Omit the pictures and return exactly the stretch of the material below from the line with "Stylish button-down with" through the line with "Für die Bäckerei".

Start of EXCERPTED DATA

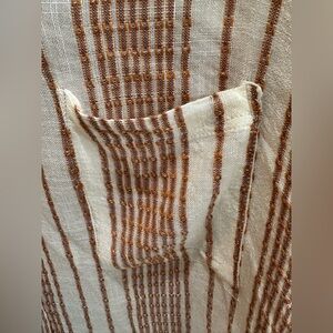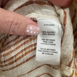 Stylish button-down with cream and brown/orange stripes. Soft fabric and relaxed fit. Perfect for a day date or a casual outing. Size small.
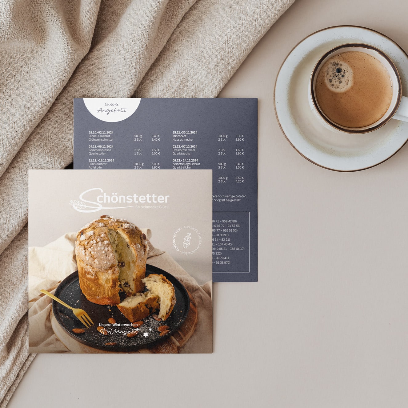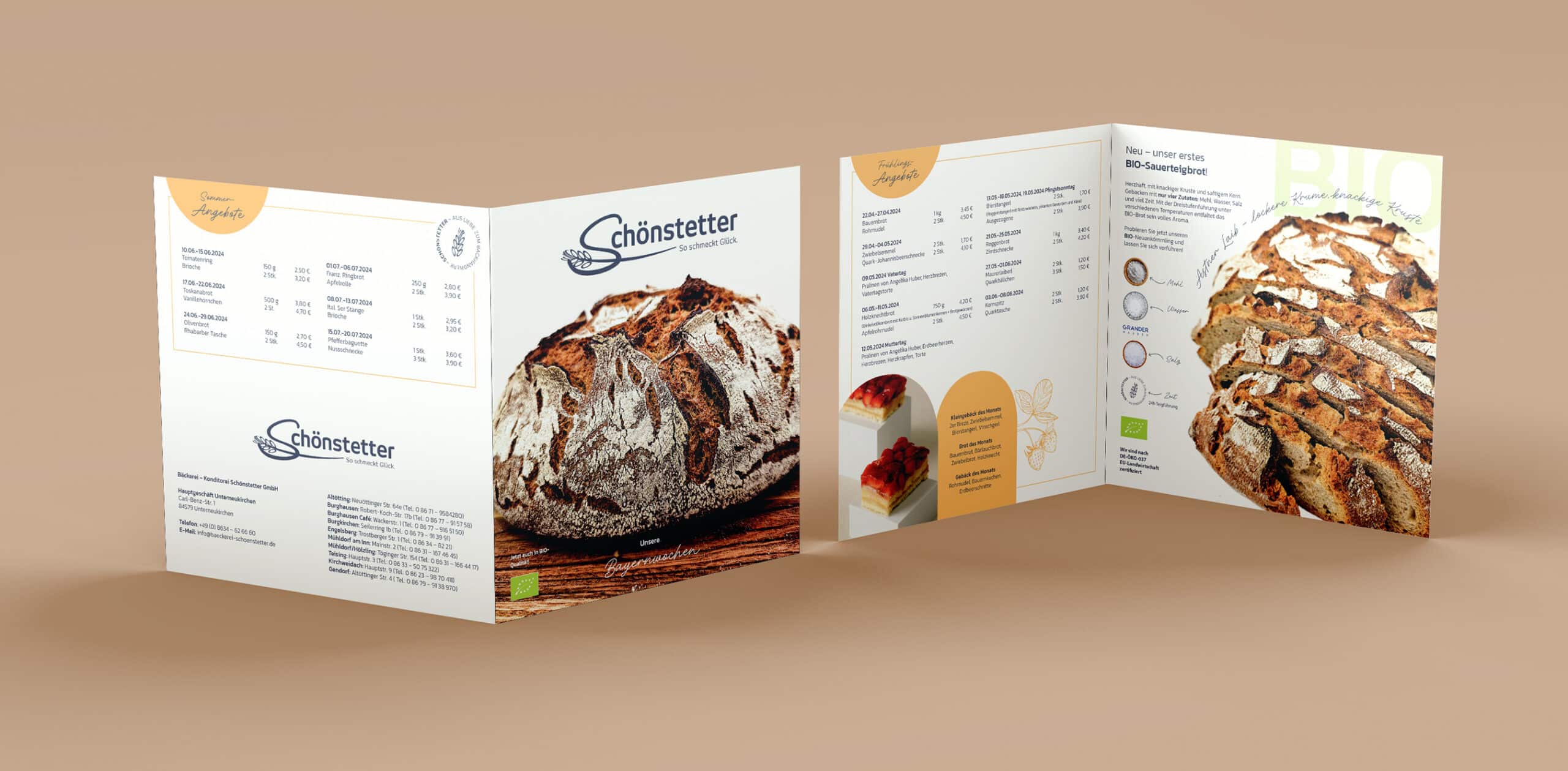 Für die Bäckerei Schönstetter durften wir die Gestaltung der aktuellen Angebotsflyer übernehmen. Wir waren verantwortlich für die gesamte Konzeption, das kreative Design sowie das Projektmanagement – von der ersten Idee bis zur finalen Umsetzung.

End of EXCERPTED DATA
Start of EXCERPTED DATA

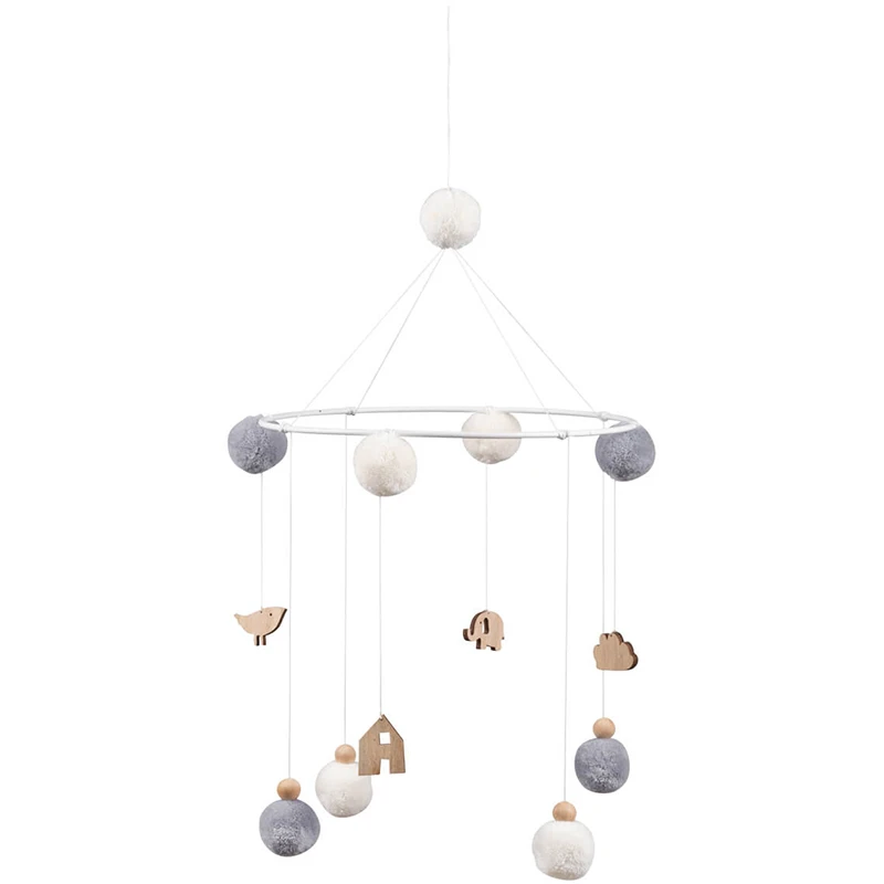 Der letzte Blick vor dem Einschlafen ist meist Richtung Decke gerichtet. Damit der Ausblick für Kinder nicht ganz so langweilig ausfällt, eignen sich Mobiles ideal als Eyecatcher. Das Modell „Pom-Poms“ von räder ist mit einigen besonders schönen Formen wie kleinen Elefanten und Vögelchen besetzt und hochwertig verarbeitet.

End of EXCERPTED DATA
Start of EXCERPTED DATA

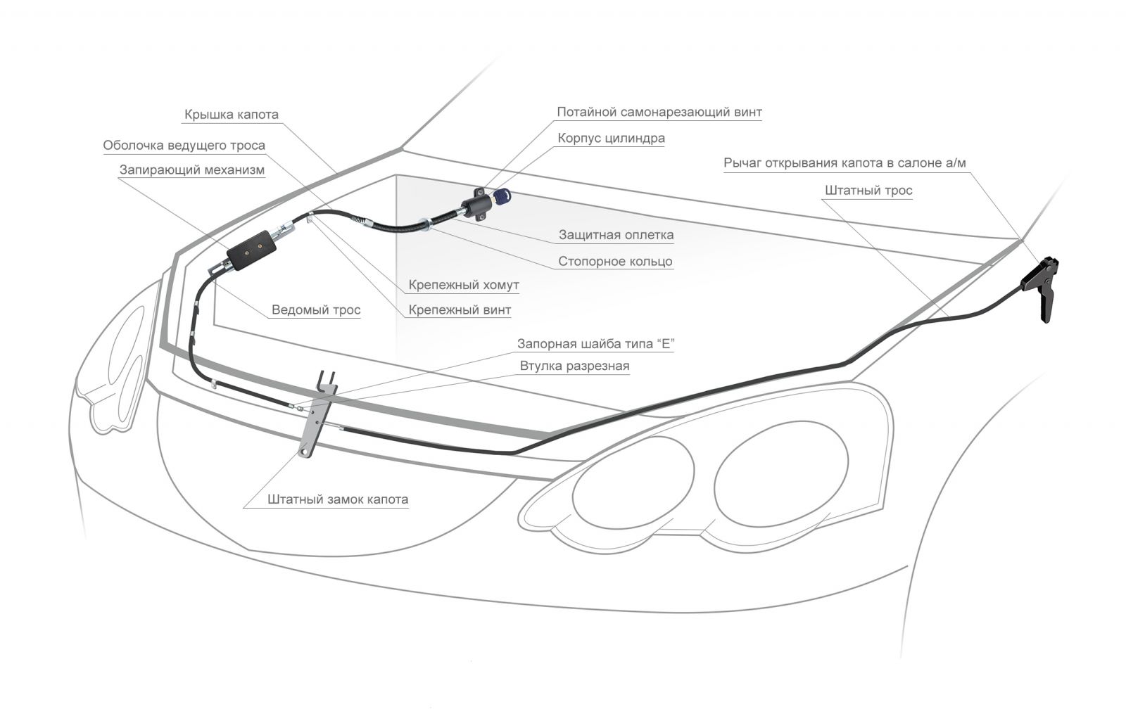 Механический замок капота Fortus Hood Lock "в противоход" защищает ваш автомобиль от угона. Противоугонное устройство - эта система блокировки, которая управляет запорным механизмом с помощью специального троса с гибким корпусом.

End of EXCERPTED DATA

RESULT OF THIS TASK:
 Stylish button-down with cream and brown/orange stripes. Soft fabric and relaxed fit. Perfect for a day date or a casual outing. Size small.
 Für die Bäckerei Schönstetter durften wir die Gestaltung der aktuellen Angebotsflyer übernehmen. Wir waren verantwortlich für die gesamte Konzeption, das kreative Design sowie das Projektmanagement – von der ersten Idee bis zur finalen Umsetzung.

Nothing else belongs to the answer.